WHAT TO PRODUCE:
Please reproduce the data exactly and omit the pictures.

RECORDS SUPPLIED:

○ ○ ○ ○ ○ ○ ○

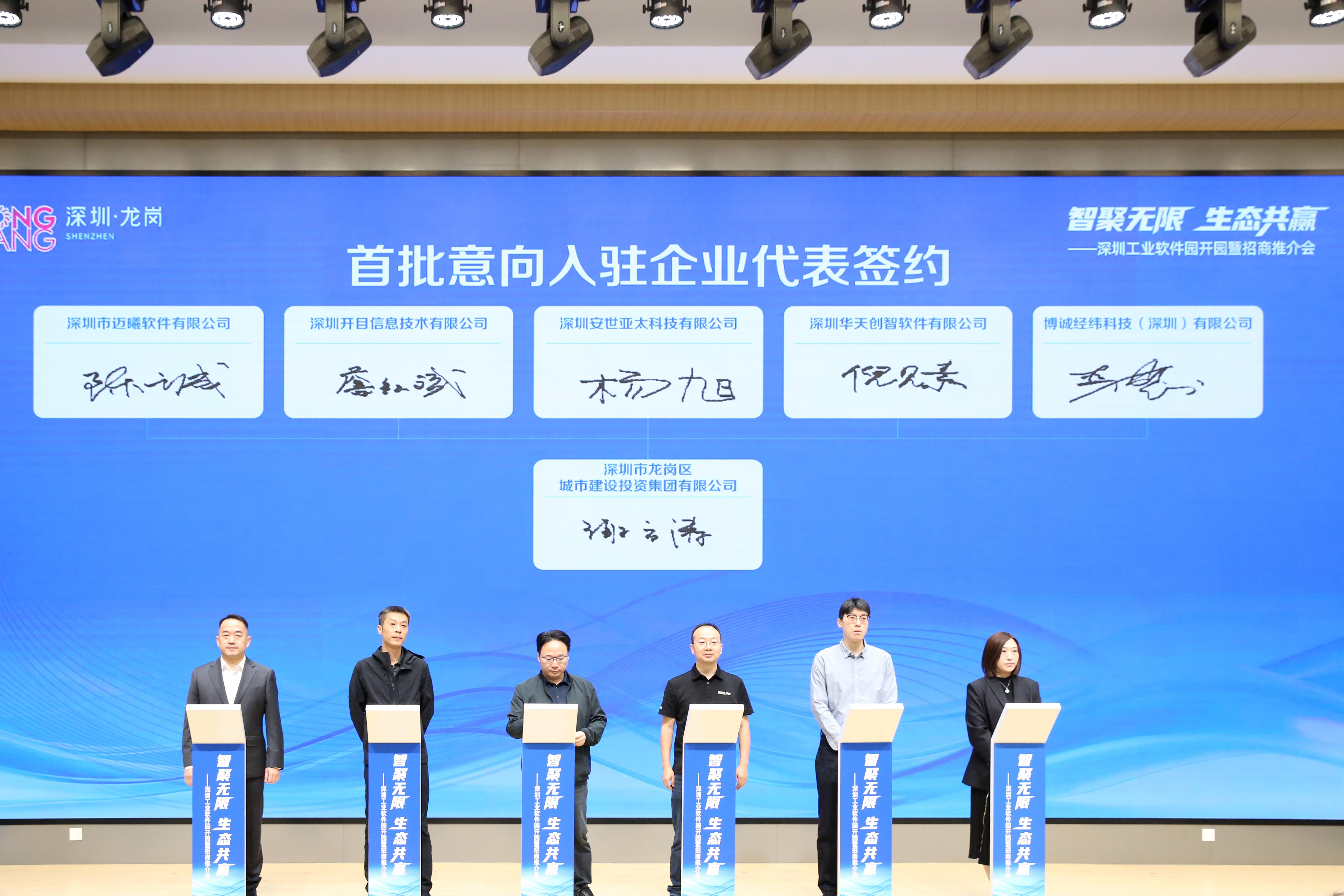 开园当天,深圳泊松软件技术有限公司、中汽软件(深圳)有限公司、三岳数维(深圳)科技有限公司等15家企业完成集中签约,充分彰显了园区强大的吸引力和发展潜力。首批签约入驻企业集中在软件攻关、软件研发、国产软件系统方面,与工业园定位高度契合。谢云涛表示,相信这些企业的入驻,能够加速产业生态的培育,吸引更多工业软件相关企业集聚。
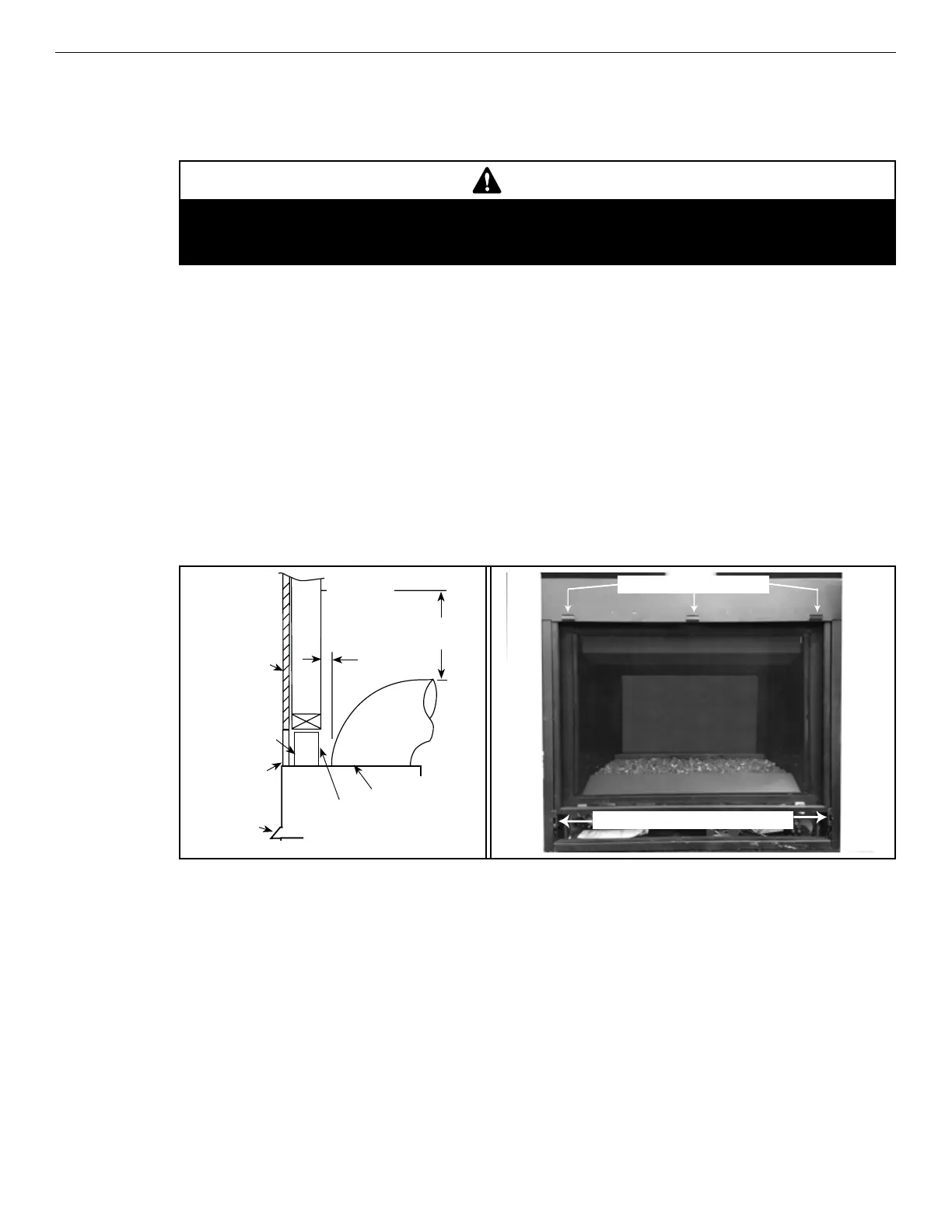 fireplace opening, the bottom edge of the finish material must be 5/8” above the top edge of the hood to allow
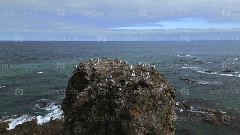Вид сверху скалистых обрывов со чайками на фоне морского пейзажа. Клип. Чайки сидят на вершине скалистой скалы в море. Красивая скалистая скала на северном побережье со чайками на фоне морского горизонта
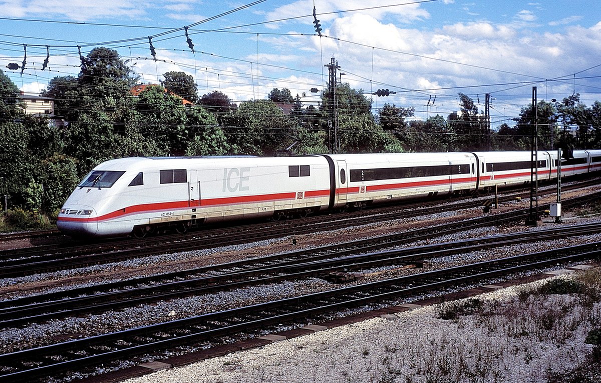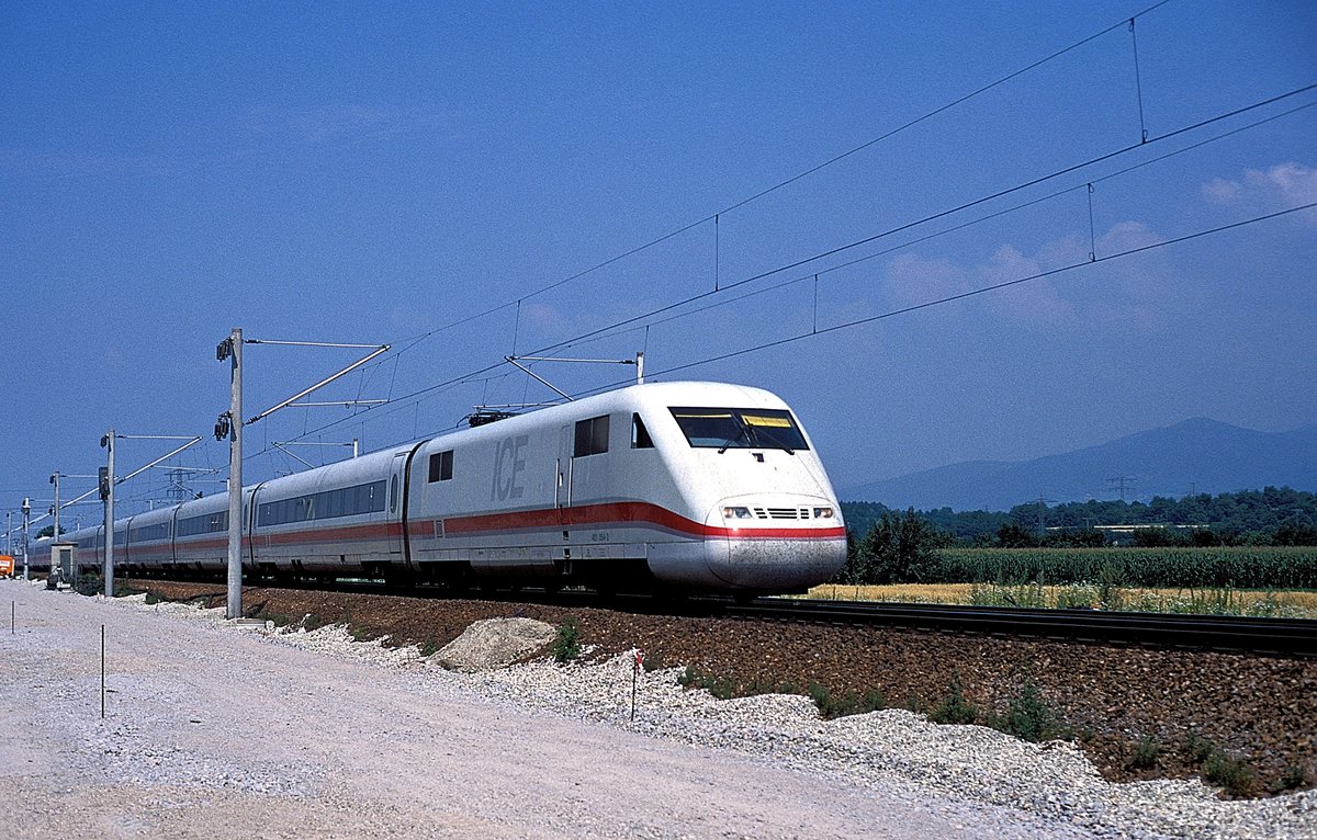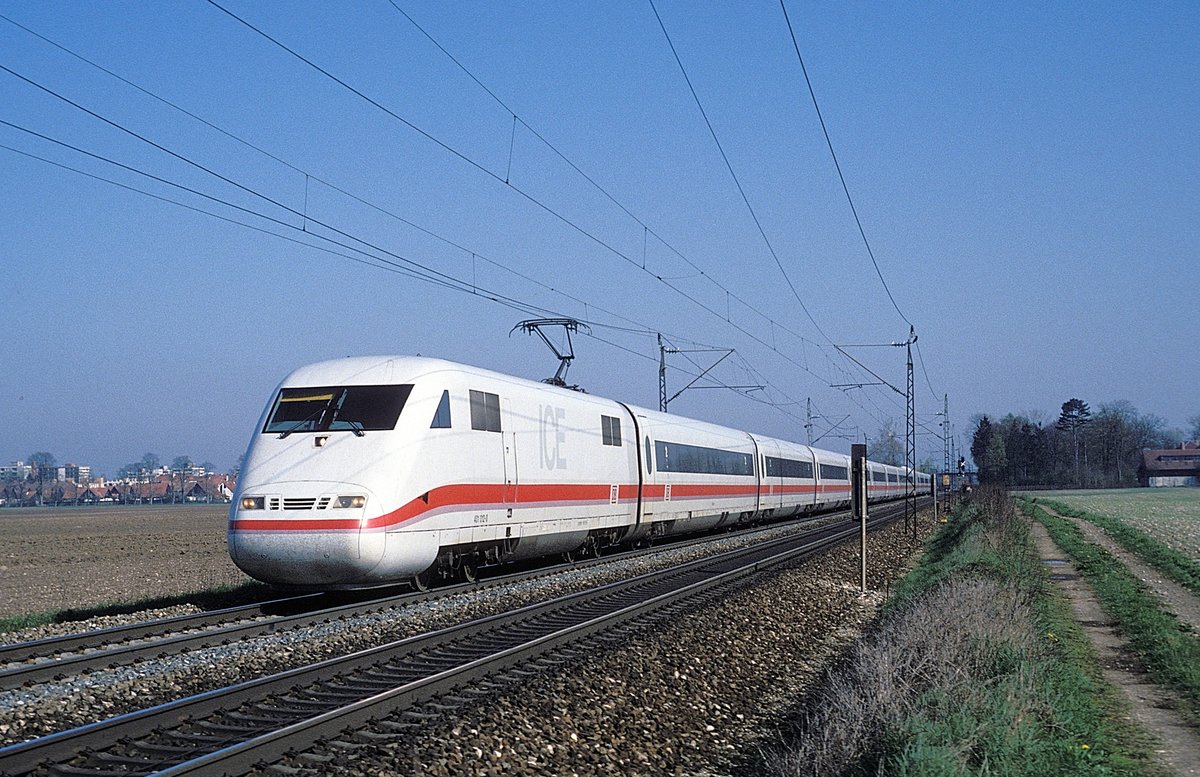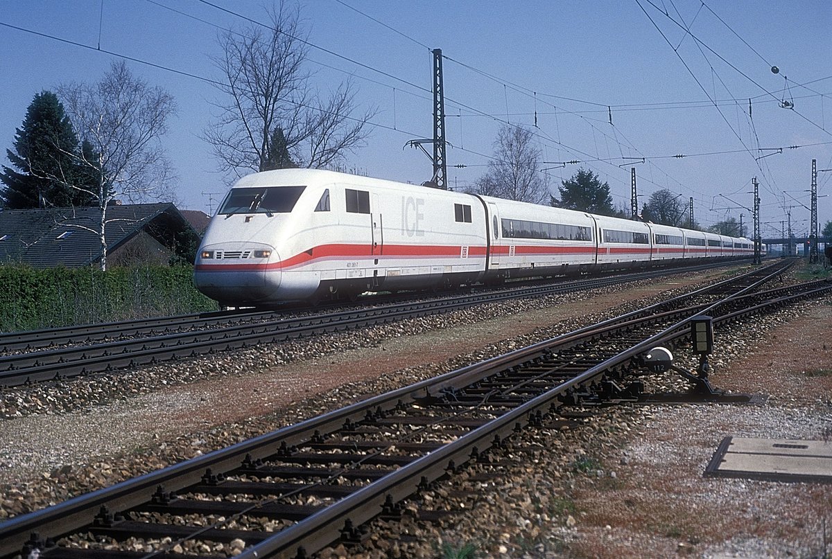 143 913 mit Dgs 52308 (Osnabrück Rbf–Maschen Rbf) und 401 074 als Lt 30898 (Bremen Hbf–Hamburg-Eidelstedt) am 25.05.1994 in Buchholz (Nordheide), aufgenommen vom Ende des Bahnsteigs 1/11 Gustav Richard
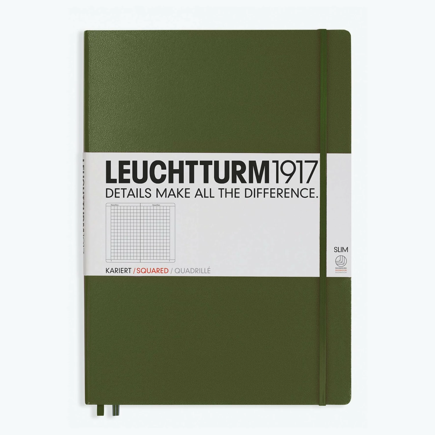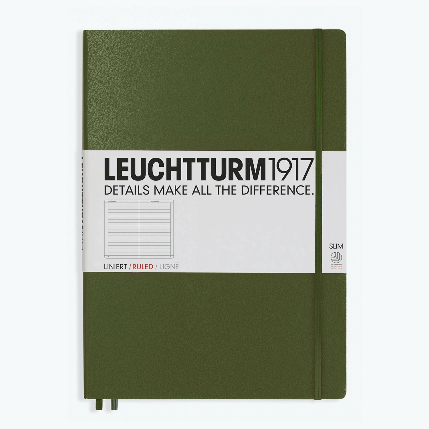 The army Leuchtturm1917 A4+ is a simple yet sophisticated notebook, making it an ideal companion for all walks of life. Leuchtturm1917 notebooks are designed very carefully down to the last detail. The pages are numbered and each page has space at the top for the date, while a blank table of content makes it easy to organise notes. There are several perforated pages and a gusseted pocket at the back of the notebook, as well as a set of self-adhesive stickers for labelling and archiving.
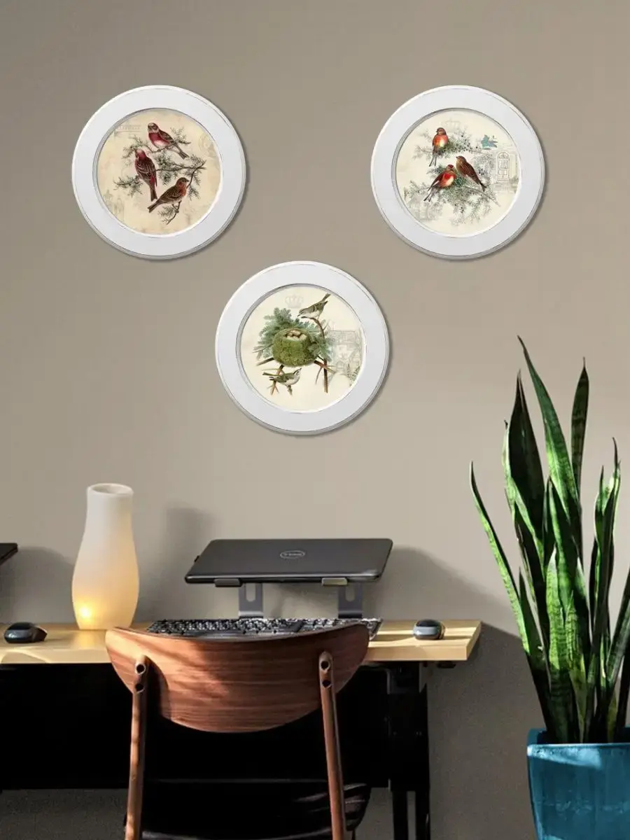 Настенный декор в нежных пастельных тонах с изящными птичками в белой раме с эффектом старения (патина коричневого цвета). Картина напечатана на натуральном холсте, покрыта матовым лаком. Настенная картина в круглой раме станет прекрасным украшением интерьера. Множество вариантов дает возможность создать собственную коллекцию картин с птичками.

○ ○ ○ ○ ○ ○ ○

WRITTEN SOLUTION:
 开园当天,深圳泊松软件技术有限公司、中汽软件(深圳)有限公司、三岳数维(深圳)科技有限公司等15家企业完成集中签约,充分彰显了园区强大的吸引力和发展潜力。首批签约入驻企业集中在软件攻关、软件研发、国产软件系统方面,与工业园定位高度契合。谢云涛表示,相信这些企业的入驻,能够加速产业生态的培育,吸引更多工业软件相关企业集聚。
 fireplace opening, the bottom edge of the finish material must be 5/8” above the top edge of the hood to allow
Вид сверху скалистых обрывов со чайками на фоне морского пейзажа. Клип. Чайки сидят на вершине скалистой скалы в море. Красивая скалистая скала на северном побережье со чайками на фоне морского горизонта
 143 913 mit Dgs 52308 (Osnabrück Rbf–Maschen Rbf) und 401 074 als Lt 30898 (Bremen Hbf–Hamburg-Eidelstedt) am 25.05.1994 in Buchholz (Nordheide), aufgenommen vom Ende des Bahnsteigs 1/11 Gustav Richard
 The army Leuchtturm1917 A4+ is a simple yet sophisticated notebook, making it an ideal companion for all walks of life. Leuchtturm1917 notebooks are designed very carefully down to the last detail. The pages are numbered and each page has space at the top for the date, while a blank table of content makes it easy to organise notes. There are several perforated pages and a gusseted pocket at the back of the notebook, as well as a set of self-adhesive stickers for labelling and archiving.
 Настенный декор в нежных пастельных тонах с изящными птичками в белой раме с эффектом старения (патина коричневого цвета). Картина напечатана на натуральном холсте, покрыта матовым лаком. Настенная картина в круглой раме станет прекрасным украшением интерьера. Множество вариантов дает возможность создать собственную коллекцию картин с птичками.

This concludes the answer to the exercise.